GridGain can be used in Internet of Things (IoT) use cases for IoT database acceleration of common relational databases. High volumes of incoming data which must be processed, analyzed and acted upon in real-time is characteristic of IoT applications, especially for Industrial Internet of Things (IIoT) use cases. Hybrid transactional/analytical processing (HTAP) solutions can address the need for both a high data ingestion rate and real-time speed . These solutions typically rely on database scalability so they can scale out as data volumes grow. By deploying IoT database acceleration strategies, companies can evolve their existing RDBMS using in-memory computing which are able to deliver real-time OLTP and OLAP performance on a single data set.
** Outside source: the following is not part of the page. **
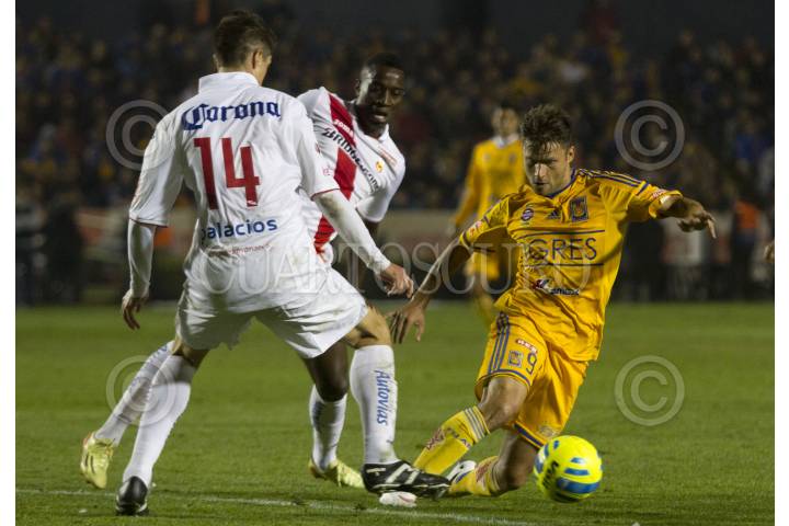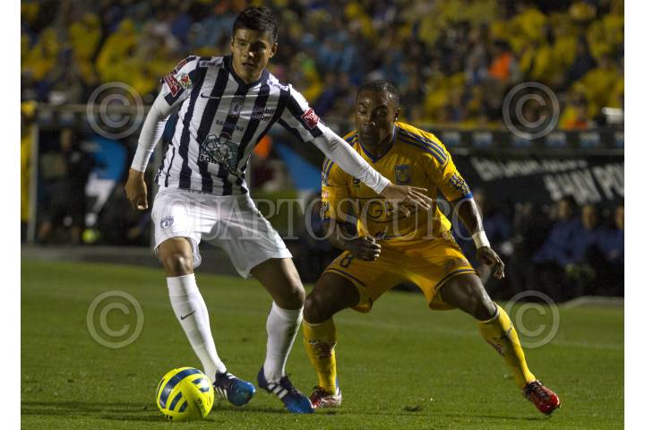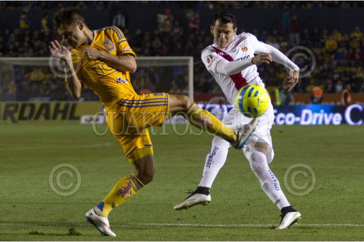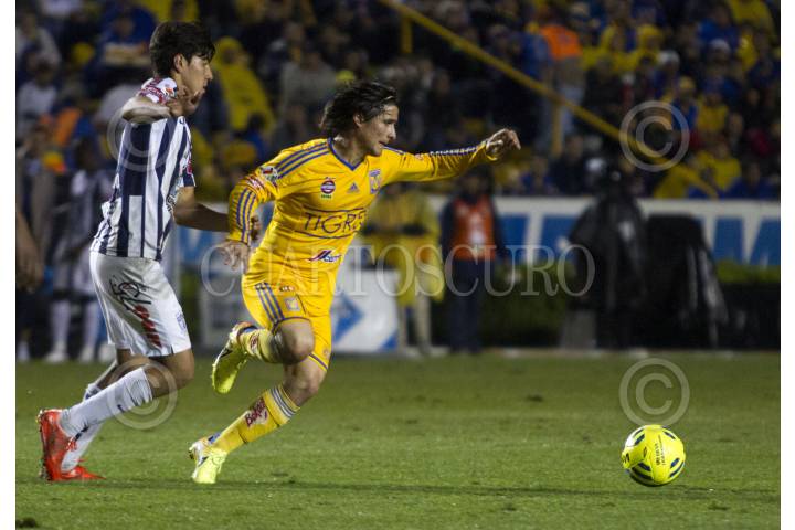 SAN NICOLÁS DE LOS GARZA, NUEVO LEÓN, 14FEBRERO2015.- Enrique Esqueda del equipo de los Tigres de la UANL se disputa el balón contra Carlos Calvo del equipo de los Monarcas de Morelia, en el estadio Universitario, partido correspondiente a la jornada 6 de la Liga MX, Clausura 2015. FOTO: GABRIELA PÉREZ MONTIEL / CUARTOSCURO.COM

IoT Database Acceleration and In-Memory Computing
The GridGain in-memory computing platform is deployed for IoT database acceleration between the application and data layers on a cluster of servers. GridGain supports ACID transactions and distributed ANSI-99 SQL including DDL and DML. GridGain can allow RDBMSs to function as in-memory HTAP databases which are extremely fast and can be easily scaled by adding more nodes to the GridGain cluster. Built on Apache® Ignite™, GridGain has native support for Apache® Kafka™ as well as integrations for many other commonly used solutions. The GridGain fast data ingest capabilities make it ideal as an IoT database acceleration solution for applications ranging from smart power grids to self-driving cars to connected buildings or any IoT use case which generates large quantities of real-time data that requires immediate analysis to drive real-time action. When deployed as an in-memory database, GridGain can function as an IoT database without requiring an underlying RDBMS.
Leading IoT platform vendors incorporate GridGain into their architecture to create IoT solutions which can deliver the performance and scalability their customers demand. GridGain is already used in IoT platforms which ingest and process data from millions of sensors in real-time.